Task to complete - In the data below, find the line containing "This jacket is" and the line containing "Door de open", then reproduce them and every line between, exactly. Omit pictures.

━━━ Collected data ━━━

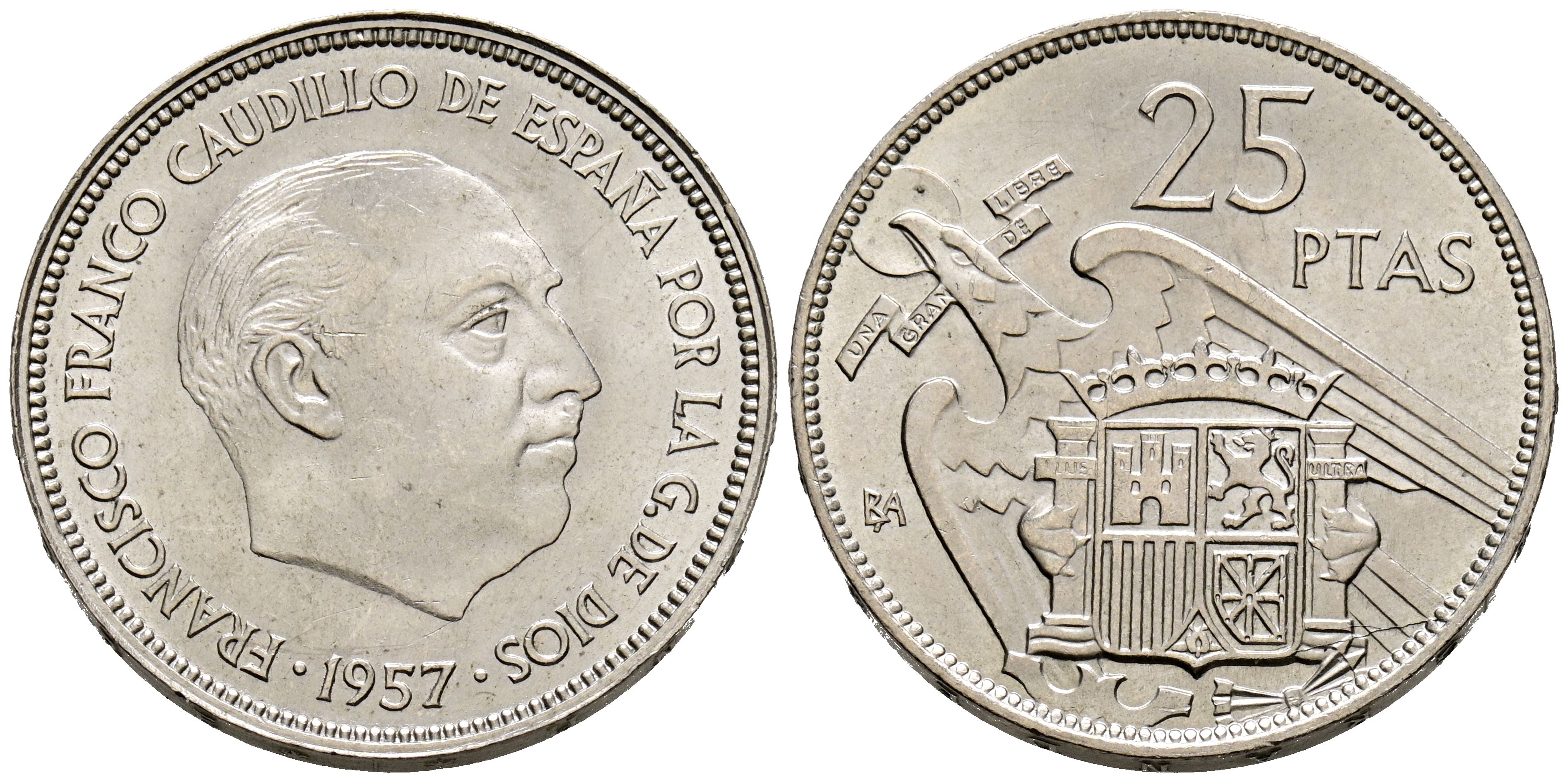 SPANISH STATE (1936-1975). 25 Pesetas. (Ni. 8.56g/26mm). 1957 *BA. (Cal-2019-155). I Ibero-American Exhibition of Numismatics and Medals. Uncirculated-.
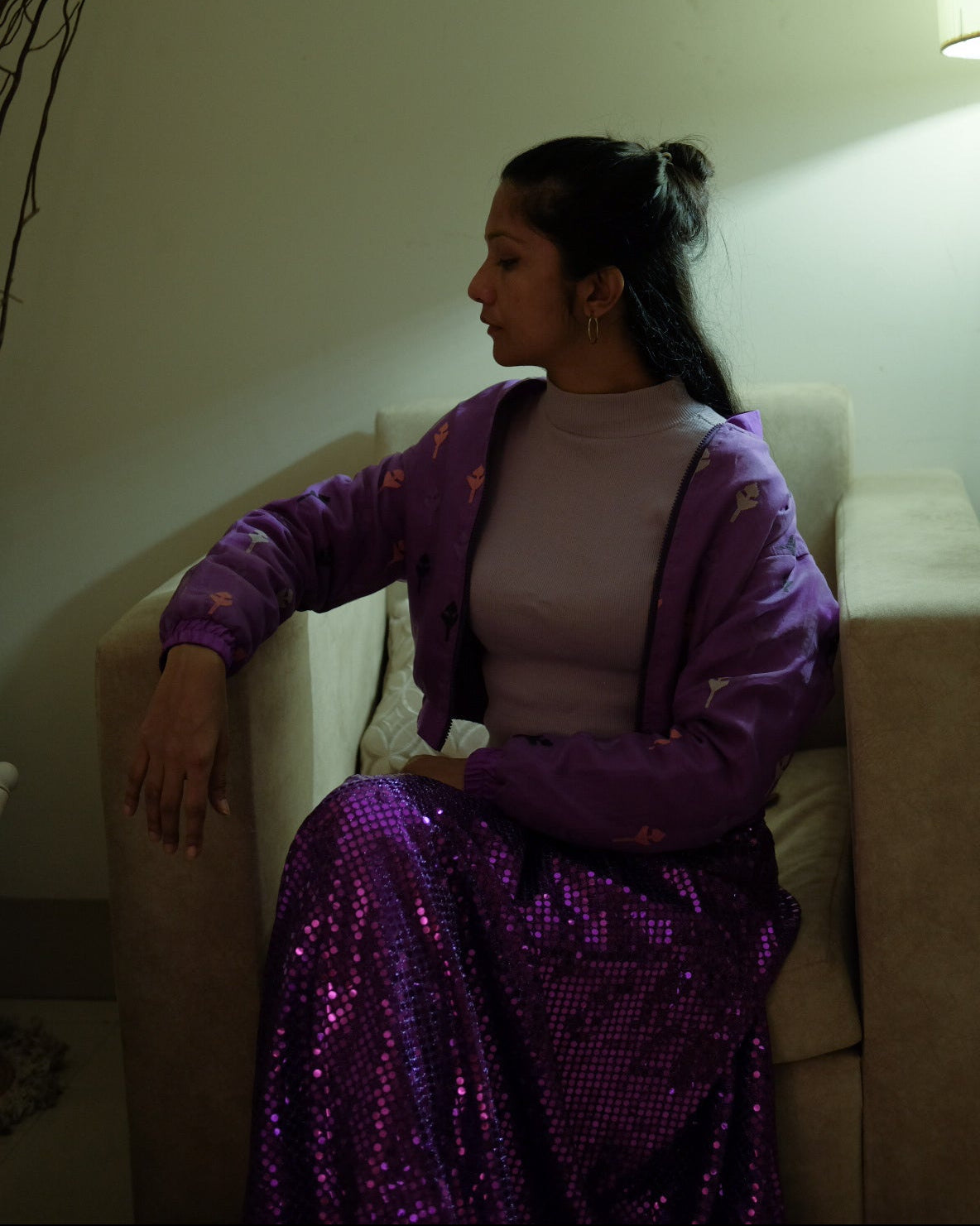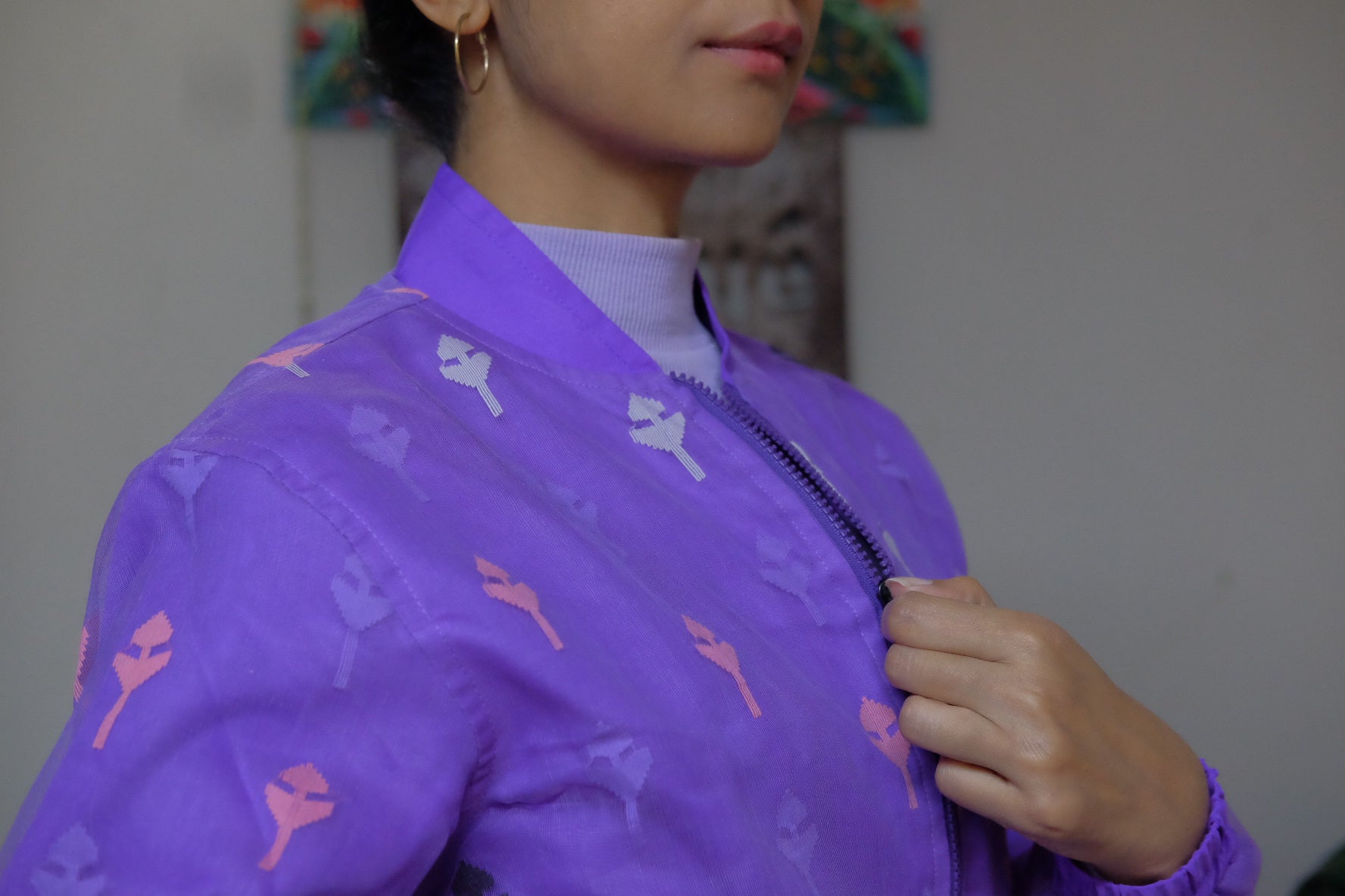 This jacket is crafted using the traditional Jamdani weaving technique on a vibrant purple fabric blend of fine cotton and half silk. The jacket features distinct patterns: the entire body displays all-over, repeating motifs of 'Naak Phul' and 'Koli Phul' woven in multiple contrasting colors including light purple, olive green, and burnt orange. The back yoke features a horizontal band of small geometric motifs woven in similar colors.
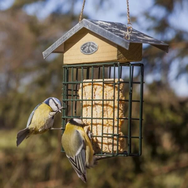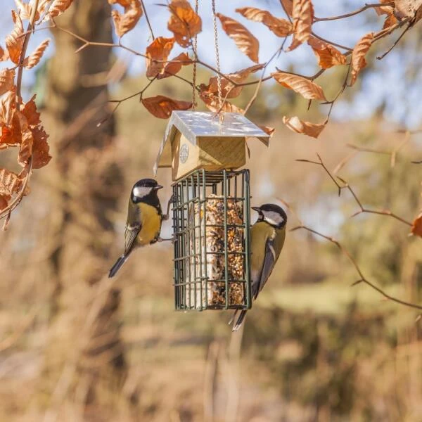 Door de open structuur van de houder kunnen meerdere vogels tegelijk van deze vetblok smullen. Met de lange metalen ketting hang je deze houder vlot op in een boom, struik of aan een voederhaak.
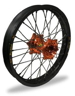FeaturesWheel sets include generation II rims and hubsRims are constructed from 7116-1 heat treated aluminumHubs are constructed from 6061 T-6 billet aluminumEach hub is model specific and uses your OEM rotors and sprocketsAll wheel sets are complete with bearings, seal and spacers Pro-Wheel Supermoto Front Wheel Set 17x3.50 Black Rim/Orange Hub 26-31062 HUB/RIM?

━━━

Final answer -
 This jacket is crafted using the traditional Jamdani weaving technique on a vibrant purple fabric blend of fine cotton and half silk. The jacket features distinct patterns: the entire body displays all-over, repeating motifs of 'Naak Phul' and 'Koli Phul' woven in multiple contrasting colors including light purple, olive green, and burnt orange. The back yoke features a horizontal band of small geometric motifs woven in similar colors.
 Door de open structuur van de houder kunnen meerdere vogels tegelijk van deze vetblok smullen. Met de lange metalen ketting hang je deze houder vlot op in een boom, struik of aan een voederhaak.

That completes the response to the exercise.